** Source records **
——————

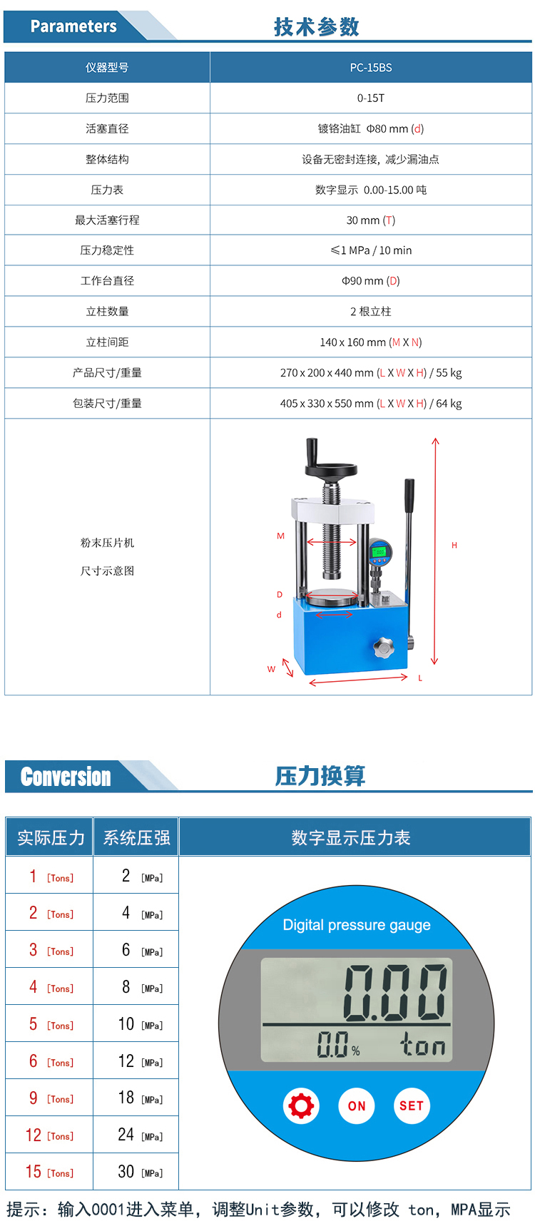 兩柱手動(dòng)數(shù)顯壓片機(jī)[15噸]
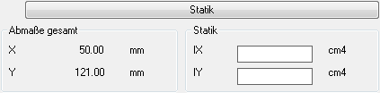 Hier können die Konstruktionsparameter für die gewählte Konstruktion den statischen Erfordernissen entsprechend angepasst werden. Abhängig von der gewählten Konstruktion, sind die jeweils benötigten Eingabefelder freigeschaltet.
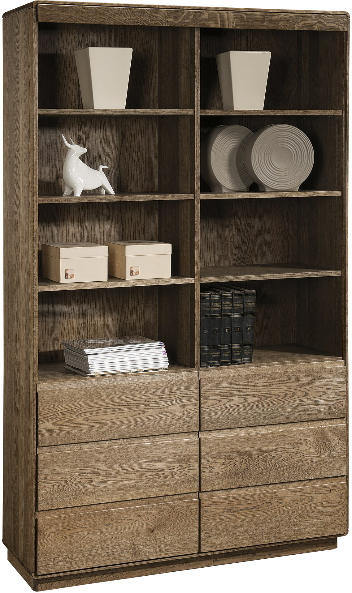 Ta oferta dotyczy regału otwartego z linii ATLANTA TYP 13 dąb palony wyposażonego w sumie, w 6 półek otwartych - świetnej propozycji praktycznego, funkcjonalnego mebla do wnętrza salonu lub sypialni, oraz 6 szuflad z cichym domykiem. Regał taki stanowi dodatkową przestrzeń do wyeksponowania książek, dekoracji, pamiątek rodzinnych.
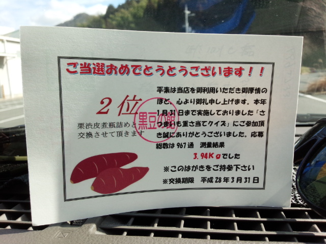 昨年末に訪れた篠山の黒豆の館からはがきが届きました。サツマイモの重さ当てクイズに応募した友人が見事二位になり、栗の渋皮煮がもらえるというのでさっそく訪れました。
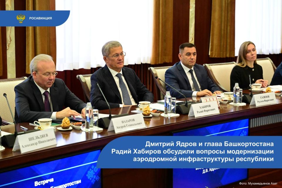 Премьер-министр Правительства Республики Башкортостан Андрей Назаров провел рабочую встречу с руководителем Федерального агентства воздушного транспорта Дмитрием Ядровым. Глава ведомства прибыл в столицу Башкортостана и осмотрел ключевые...
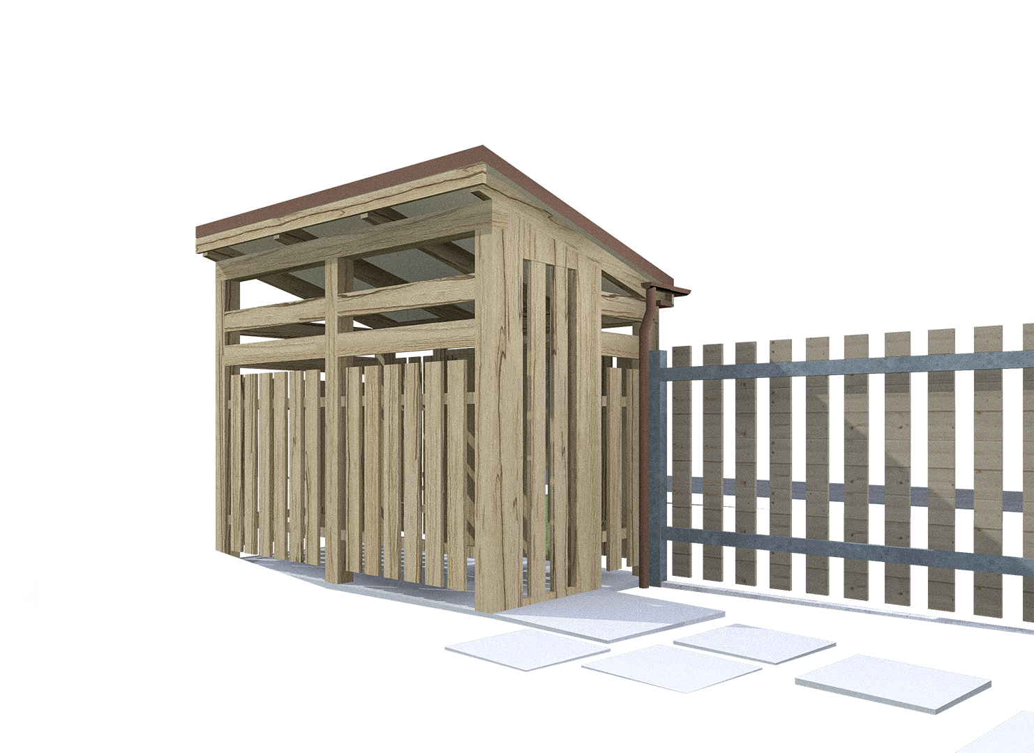 3. Projekt małej architektury: wiaty śmietnikowej, ogrodzenia frontowego.
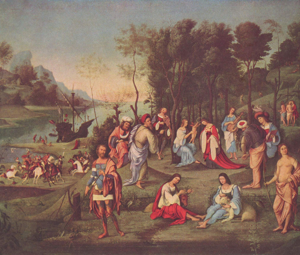 Abb. 3: Lorenzo Costa: "Krönung einer Dame" oder "Isabella, von Amor gekrönt" (1504-1506), Paris, Louvre. Übernommen aus: http://br.wikipedia.org/wiki/Skeudenn:Lorenzo_Costa_003.jpg
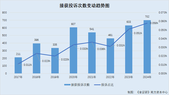 显然,自2017年以来,网龙的接获投诉数量呈上升趋势,2024年达到702次。
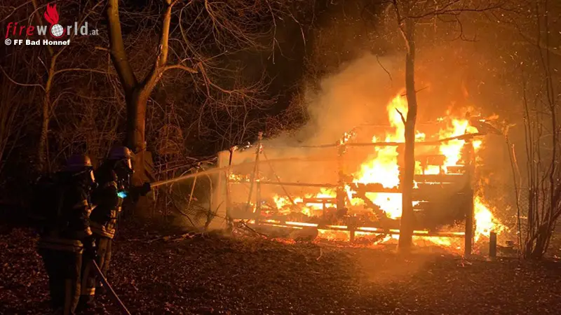 BAD HONNEF (DEUTSCHLAND): In den frühen Morgenstunden des 22. Jänner 2021 wurde die Freiwillige Feuerwehr Bad Honnef zu einem Flächenbrand alarmiert. Bei Ankunft der ersten Einsatzkräfte stellte sich aber heraus, dass es sich um eine große Holzhütte handelte, die bereits im Vollbrand stand.
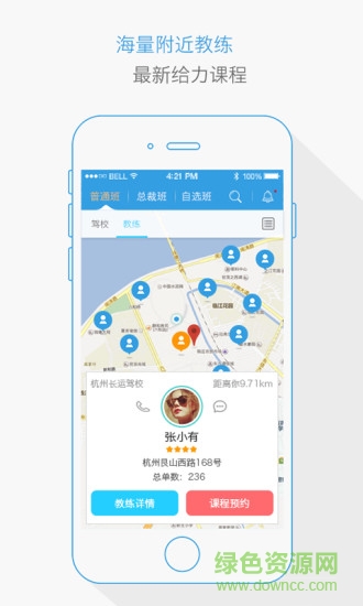 找教练教练版app是专门为了教练准备的一款学车管理app,在这里教练可以管理找教练的学员,自动激励每天的工作,快速安排学员课程,自由设置收费,场地,时间,以及课程,帮你成为优秀教练。让你每天收入看的见。喜欢的小伙伴快来绿色资源网下载吧!
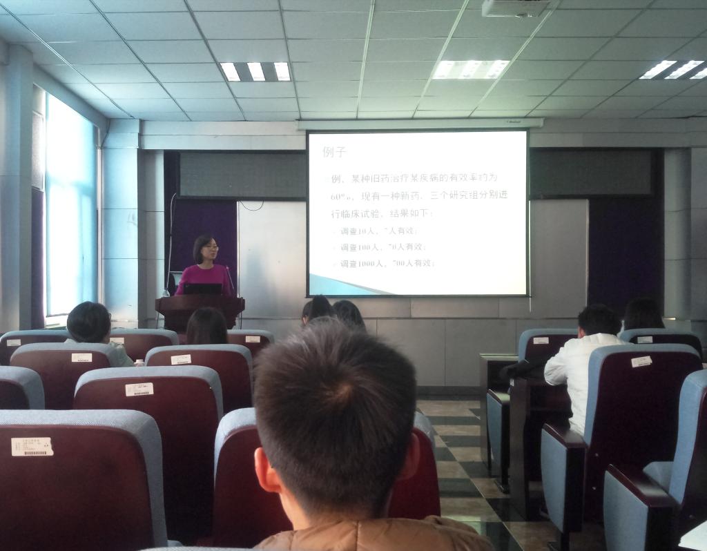 11月19日上午,由太阳成集团tyc9728员工会创新就业部组织策划举办的“梦想缔造者”创新就业大讲堂第三次开讲。太阳成集团tyc9728流行病与卫生统计学教研室金丽娜老师主讲的老员工创新实验沙龙第三期“概率统计与医学”讲座,在新民校区公司三楼报告厅如期举行。讲座内容以概率统计在医学方面中的应用为主,并辅以之前结项的大创项目实例以进行详细的介绍讲解。
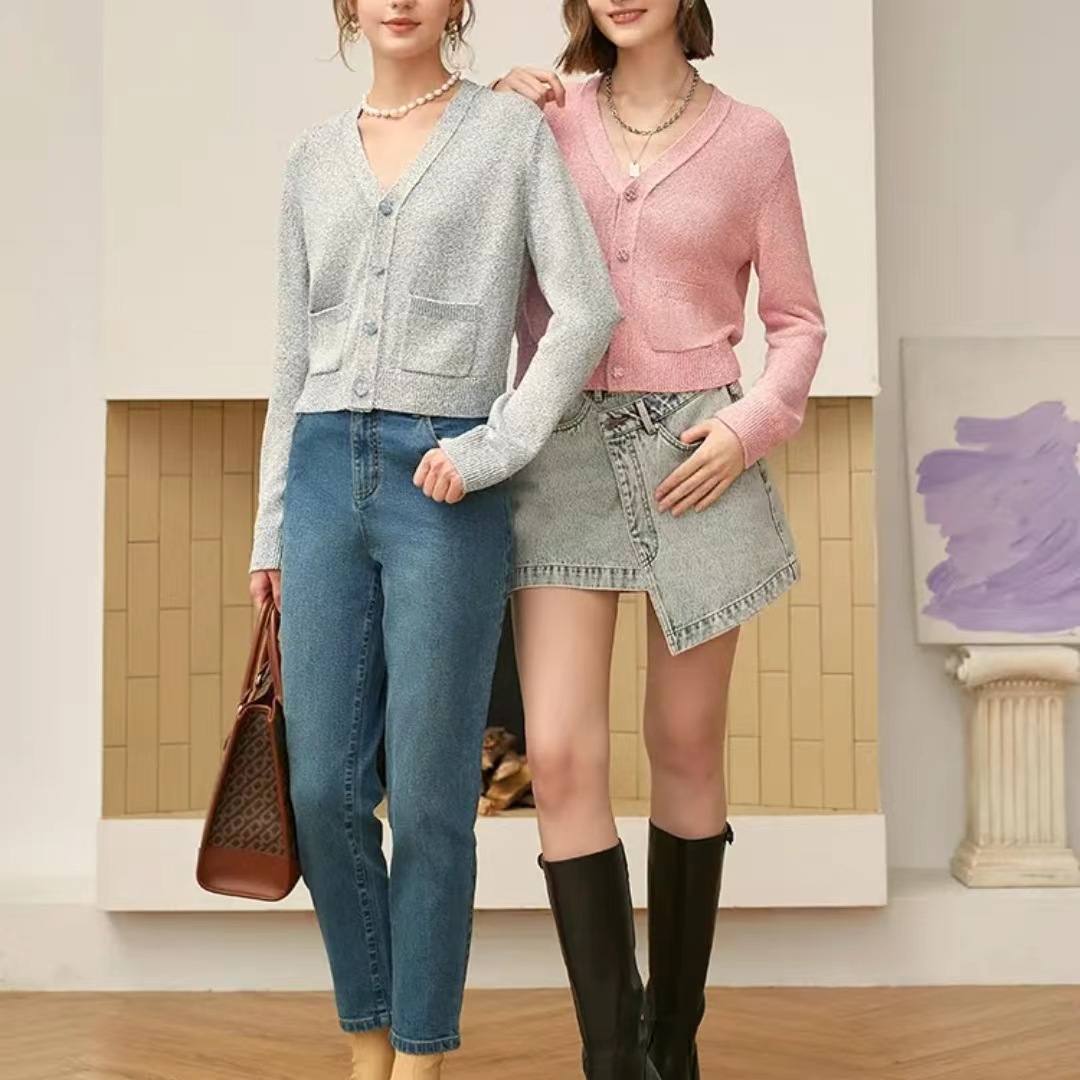 오빠의 새로운 여성 2023 가을과 겨울 새로운 V-넥 작은 향기로운 스타일 니트 카디건 긴 소매 코트 여성 A400922스토어 가기

——————

** Activity **
Line by line, transcribe the records exactly, omitting the images.

** Answer to the problem **
 兩柱手動(dòng)數(shù)顯壓片機(jī)[15噸]
 Hier können die Konstruktionsparameter für die gewählte Konstruktion den statischen Erfordernissen entsprechend angepasst werden. Abhängig von der gewählten Konstruktion, sind die jeweils benötigten Eingabefelder freigeschaltet.
 Ta oferta dotyczy regału otwartego z linii ATLANTA TYP 13 dąb palony wyposażonego w sumie, w 6 półek otwartych - świetnej propozycji praktycznego, funkcjonalnego mebla do wnętrza salonu lub sypialni, oraz 6 szuflad z cichym domykiem. Regał taki stanowi dodatkową przestrzeń do wyeksponowania książek, dekoracji, pamiątek rodzinnych.
 昨年末に訪れた篠山の黒豆の館からはがきが届きました。サツマイモの重さ当てクイズに応募した友人が見事二位になり、栗の渋皮煮がもらえるというのでさっそく訪れました。
 Премьер-министр Правительства Республики Башкортостан Андрей Назаров провел рабочую встречу с руководителем Федерального агентства воздушного транспорта Дмитрием Ядровым. Глава ведомства прибыл в столицу Башкортостана и осмотрел ключевые...
 3. Projekt małej architektury: wiaty śmietnikowej, ogrodzenia frontowego.
 Abb. 3: Lorenzo Costa: "Krönung einer Dame" oder "Isabella, von Amor gekrönt" (1504-1506), Paris, Louvre. Übernommen aus: http://br.wikipedia.org/wiki/Skeudenn:Lorenzo_Costa_003.jpg
 显然,自2017年以来,网龙的接获投诉数量呈上升趋势,2024年达到702次。
 BAD HONNEF (DEUTSCHLAND): In den frühen Morgenstunden des 22. Jänner 2021 wurde die Freiwillige Feuerwehr Bad Honnef zu einem Flächenbrand alarmiert. Bei Ankunft der ersten Einsatzkräfte stellte sich aber heraus, dass es sich um eine große Holzhütte handelte, die bereits im Vollbrand stand.
 找教练教练版app是专门为了教练准备的一款学车管理app,在这里教练可以管理找教练的学员,自动激励每天的工作,快速安排学员课程,自由设置收费,场地,时间,以及课程,帮你成为优秀教练。让你每天收入看的见。喜欢的小伙伴快来绿色资源网下载吧!
 11月19日上午,由太阳成集团tyc9728员工会创新就业部组织策划举办的“梦想缔造者”创新就业大讲堂第三次开讲。太阳成集团tyc9728流行病与卫生统计学教研室金丽娜老师主讲的老员工创新实验沙龙第三期“概率统计与医学”讲座,在新民校区公司三楼报告厅如期举行。讲座内容以概率统计在医学方面中的应用为主,并辅以之前结项的大创项目实例以进行详细的介绍讲解。
 오빠의 새로운 여성 2023 가을과 겨울 새로운 V-넥 작은 향기로운 스타일 니트 카디건 긴 소매 코트 여성 A400922스토어 가기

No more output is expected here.